High level of compliance for trucking under grain harvest scheme

By: Brad Gardner


Majority of grain loads fell within the allowable mass limits, report shows

High level of compliance for trucking under grain harvest scheme
The Grain Harvest Management Scheme allows eligible trucking operators to carry up to 5 per cent over general mass limits.

 

A scheme allowing trucking operators to haul more grain per load in New South Wales continues to grow in strength, with compliance and participation rates on the rise.

A recently released review of the Grain Harvest Management Scheme (GHMS) from the October to December 2014 harvest period found only 1.5 per cent of deliveries to silos under the scheme exceeded allowable mass limits and were in the minor breach range.

Conversely, the review found that trucks enrolled in other schemes – such as concessional mass limits – had a higher non-compliance rate. The report says non-GHMS deliveries exceeded allowable mass limits by 12.8 per cent.

Introduced in 2012, the GHMS allows eligible trucking operators to carry up to 5 per cent over general mass limits to GHMS-accredited receivers. The grain industry must gain the consent of local governments to haul grain at GHMS mass limits.

"Overall, the data shows that the GHMS experienced a high level of compliance – more so than grain delivered under other concessional schemes with longer standing. The Concessional Mass Limits scheme, for example, represented a relatively high number of overloaded vehicles reported to Roads and Maritime [Services]," the review says.

"The data also shows the continued commitment by industry to loading within the GHMS masses, with very low levels of overloading behaviour above GHMS concessions."

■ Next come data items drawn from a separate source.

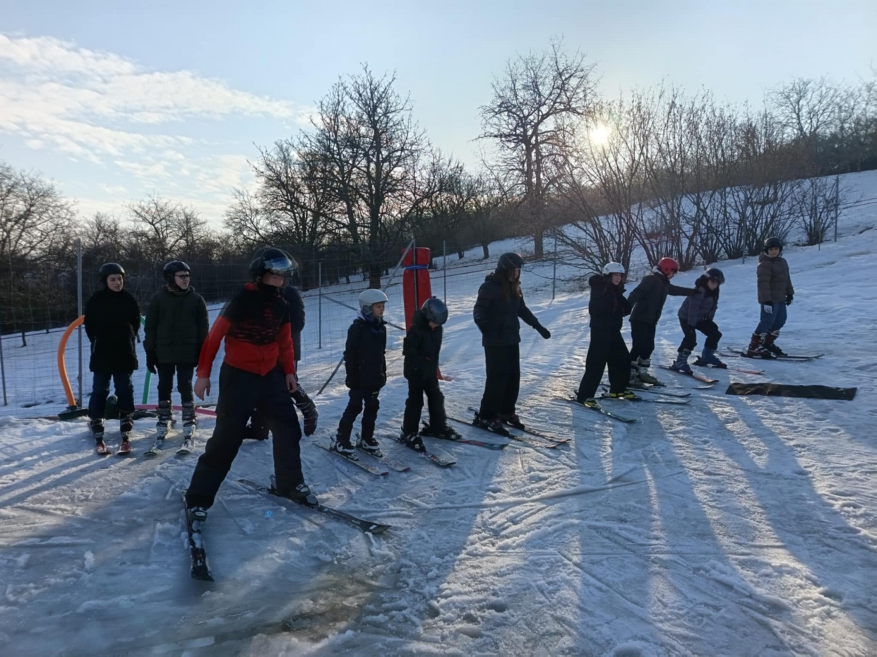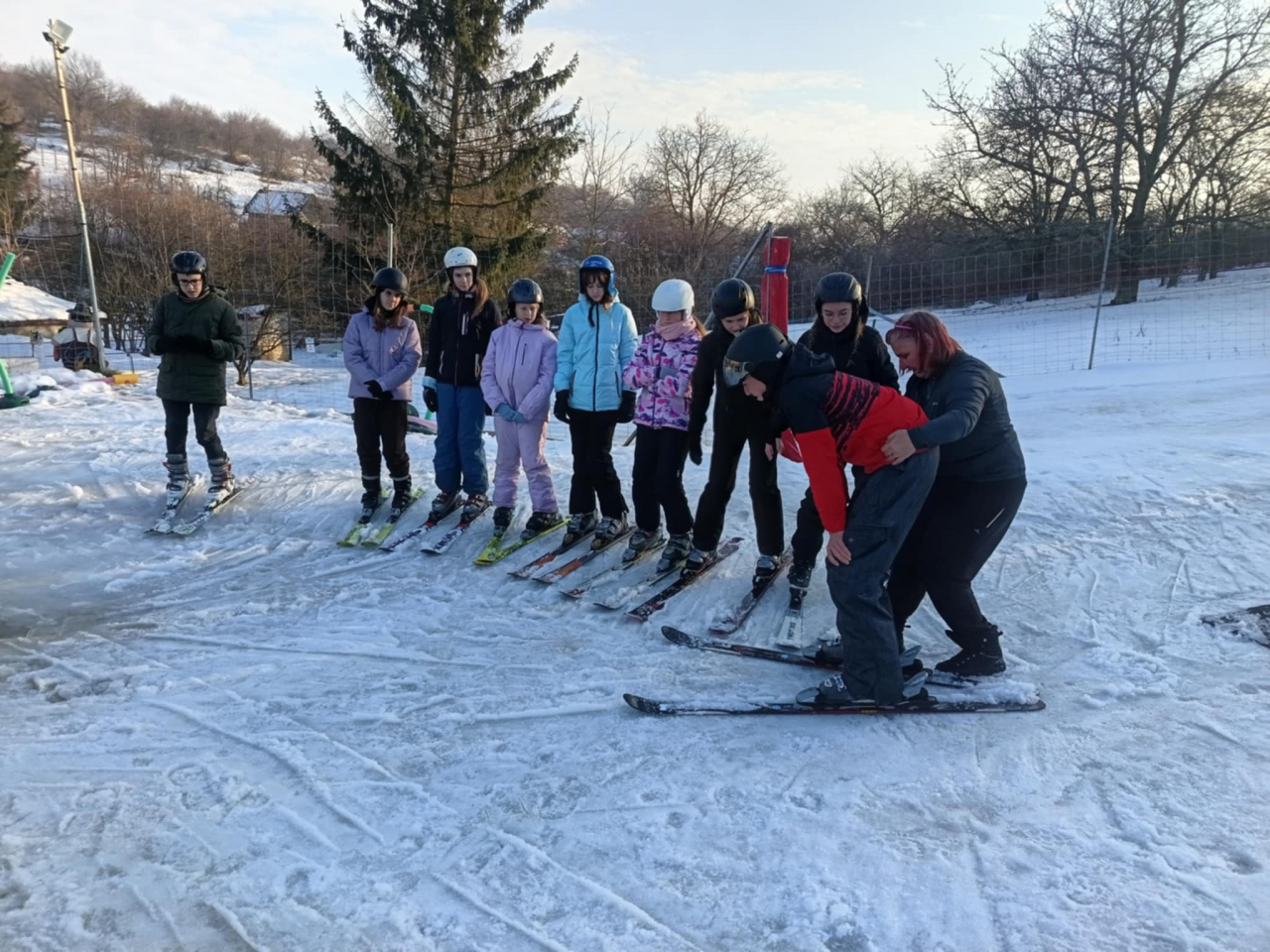 2026.01.16-án 19 fő tanulónk próbálhatta ki INGYEN a tanpályás síelést Bogádon!
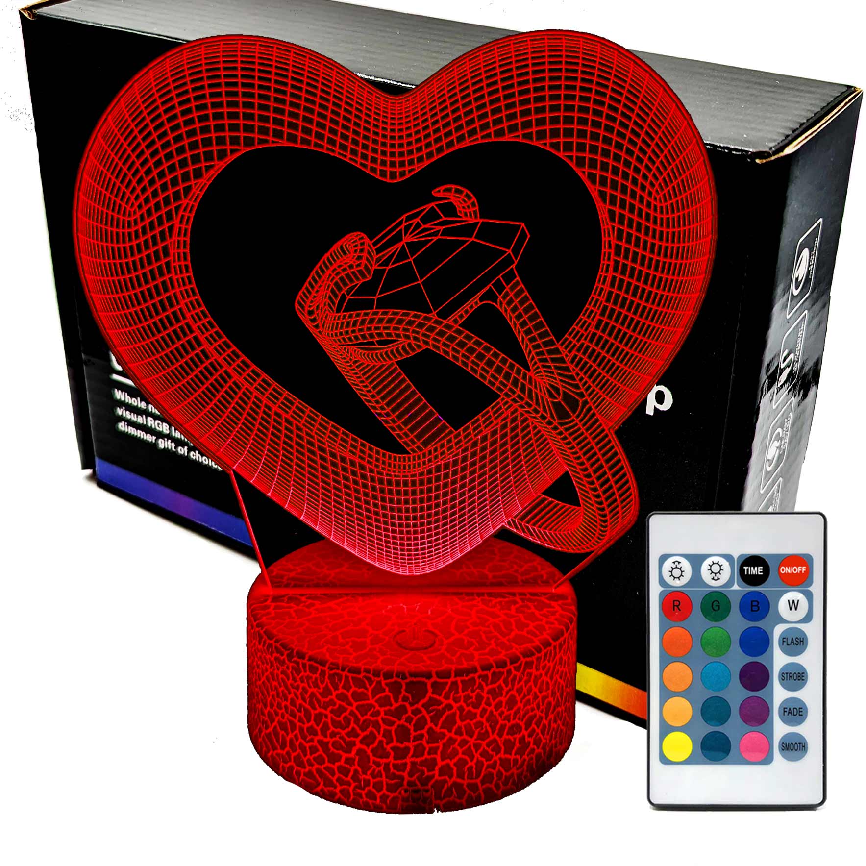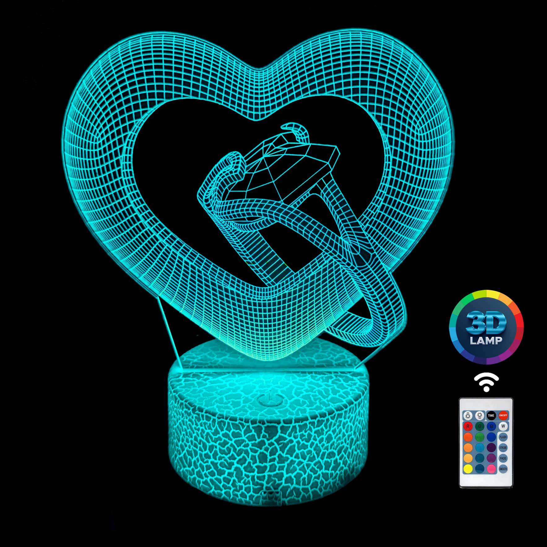Lampka nocna serce z pierścionkiem 3D LAMP LED
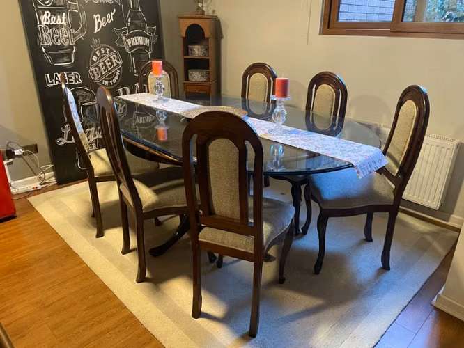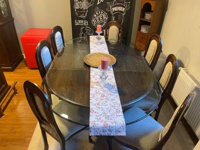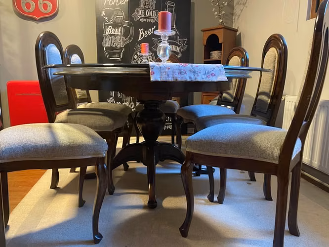 Comedor redondo u ovalado extendido de madera, ampliable para 10 personas. Tiene 7 sillas recién tapizadas. Excelente calidad.1.57 largo x 1.18 ancho.
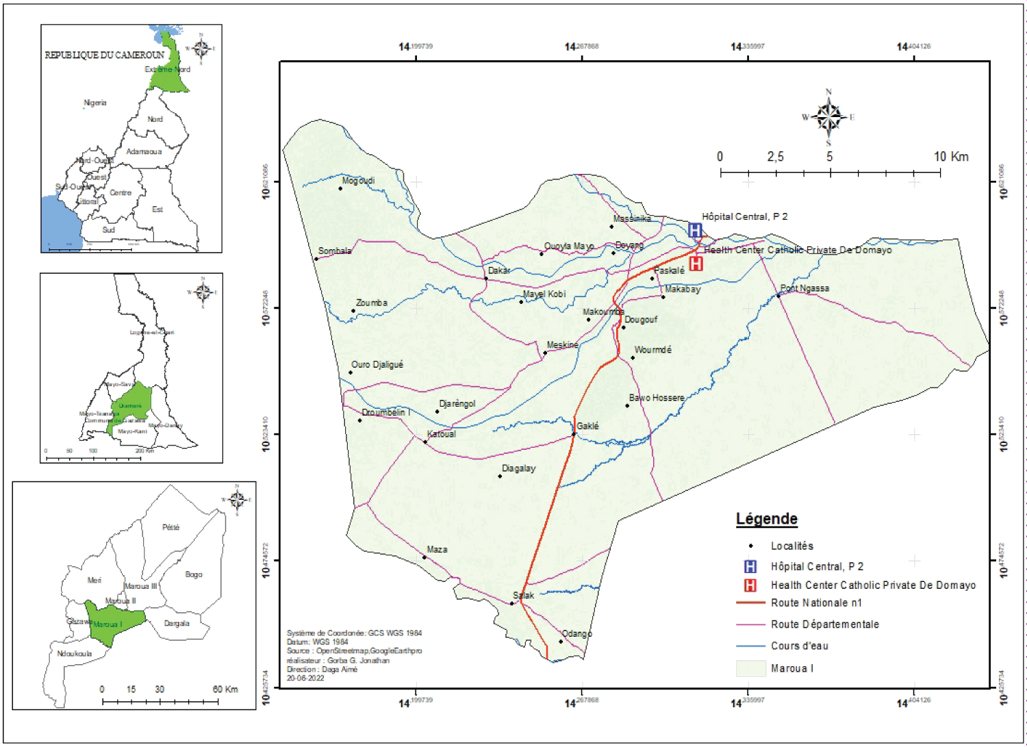 A cross-sectional descriptive study was carried out in the Regional Hospital of Maroua and a private Catholic Health Centre in the Far North region of Cameroon. The location of the different health structures in the study site is presented in Figure 1.
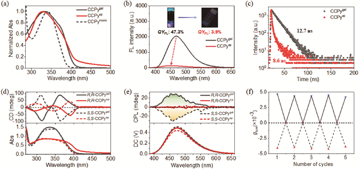 Figure 1  UV–vis (a), fluorescence (b), fluorescence decay curves (c), CD (d) and CPL (e) spectra of the gel (black lines) and suspension (red lines) of CCPy in toluene ([CCPy] =14.0 mmol/L). (f) Changes in glum values of CCPy assemblies in the mechanical stimulation and heating-cooling cycles: blue and red triangles represent R,R- and S,S-CCPy assemblies, respectively. λex = 340 nm. The insets in (b) are photographs of CCPy gel and suspension in toluene under 365 nm light.
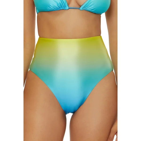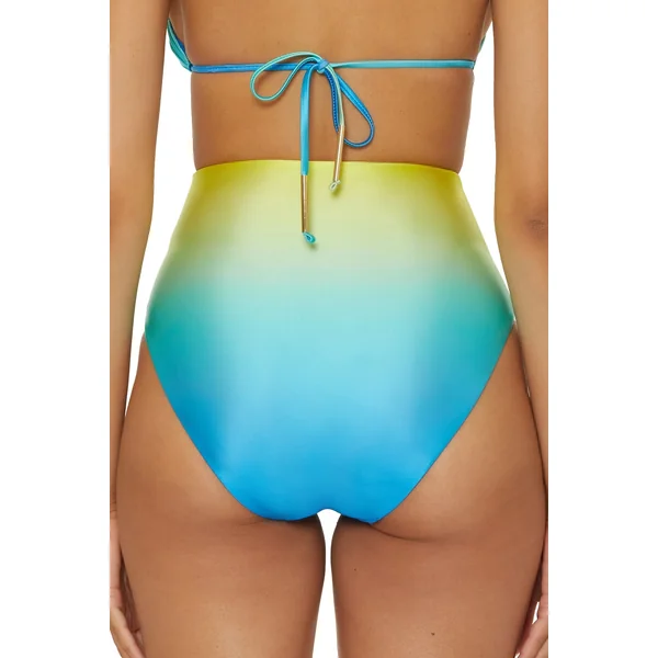 Bikini bottom features ombre high-shine liquid fabric that reverses to a solid and moderate bottom coverage.
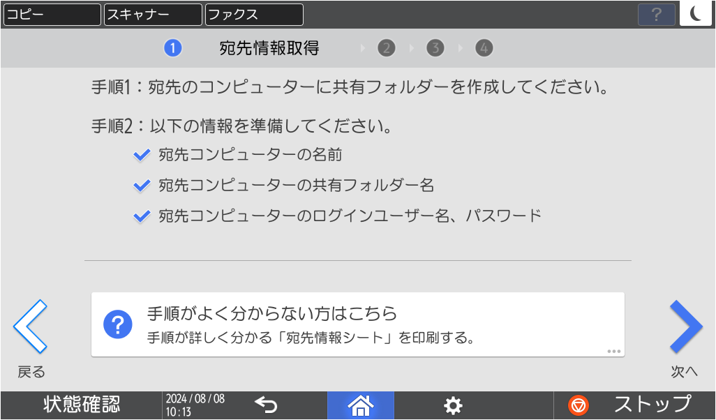 操作ガイドに従って設定すれば、読み取った文書の送信先フォルダーをアドレス帳に簡単に登録できます。宛先情報シートを印刷すれば必要な情報をもれなく確認できます。

The report says the high level of compliance is an important outcome for the scheme and shows accurate loading practices are occurring alongside a good understanding of the intent of the GHMS.

"Both the data and industry consultation suggests that growers and operators understand the intent of the GHMS, to allow flexibility when loading grain on the farm, and therefore do not abuse the concession by consistently exceeding mass limits," it says.

The review found a 14 per cent rise in GHMS participation rates from 2013 and 2014 harvests. As many as 56 local government authorities approved GHMS mass limit trips, while 13 grain receivers participated in the scheme.

"Survey responses from local councils indicate a generally positive response to the GHMS, with almost 60 per cent of survey respondents suggesting the GHMS was achieving a balance between road wear concerns and a productivity benefit," the report says.

"Overall the data and survey responses show that the majority of respondents reported that the 2014-16 GHMS was as good as or better than the GHMS operation for 2013-14, which likely reflected a growing level of familiarity with the GHMS."

The report says 67 per cent of reported grain deliveries during the October to December 2014 harvest were under the GHMS, helping prevent 5,600 vehicle trips.

The GHMS has been extended to run until at least June 30, 2016.

 

The Grain Harvest Management Scheme allows eligible trucking operators in New South Wales to carry up to 5 per cent over general mass limits.